** Opening DATA FOR ANALYSIS block **
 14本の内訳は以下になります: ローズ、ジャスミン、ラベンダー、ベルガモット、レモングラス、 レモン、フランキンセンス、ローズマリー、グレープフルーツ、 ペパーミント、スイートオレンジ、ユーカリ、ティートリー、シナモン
** Closing DATA FOR ANALYSIS block **
** Opening DATA FOR ANALYSIS block **
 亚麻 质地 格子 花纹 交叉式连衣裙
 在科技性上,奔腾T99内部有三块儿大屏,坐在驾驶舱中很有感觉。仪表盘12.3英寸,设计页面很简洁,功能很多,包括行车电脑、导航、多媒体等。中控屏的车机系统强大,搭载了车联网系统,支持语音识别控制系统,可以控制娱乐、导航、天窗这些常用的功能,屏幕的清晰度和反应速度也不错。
** Closing DATA FOR ANALYSIS block **
Going back over the entries above, copy word for word every line from the one that has "亚麻 质地 格子 花纹 交叉式连衣裙" on through the one that has "在科技性上,奔腾T99内部有".

### TASK ANSWER
 亚麻 质地 格子 花纹 交叉式连衣裙
 在科技性上,奔腾T99内部有三块儿大屏,坐在驾驶舱中很有感觉。仪表盘12.3英寸,设计页面很简洁,功能很多,包括行车电脑、导航、多媒体等。中控屏的车机系统强大,搭载了车联网系统,支持语音识别控制系统,可以控制娱乐、导航、天窗这些常用的功能,屏幕的清晰度和反应速度也不错。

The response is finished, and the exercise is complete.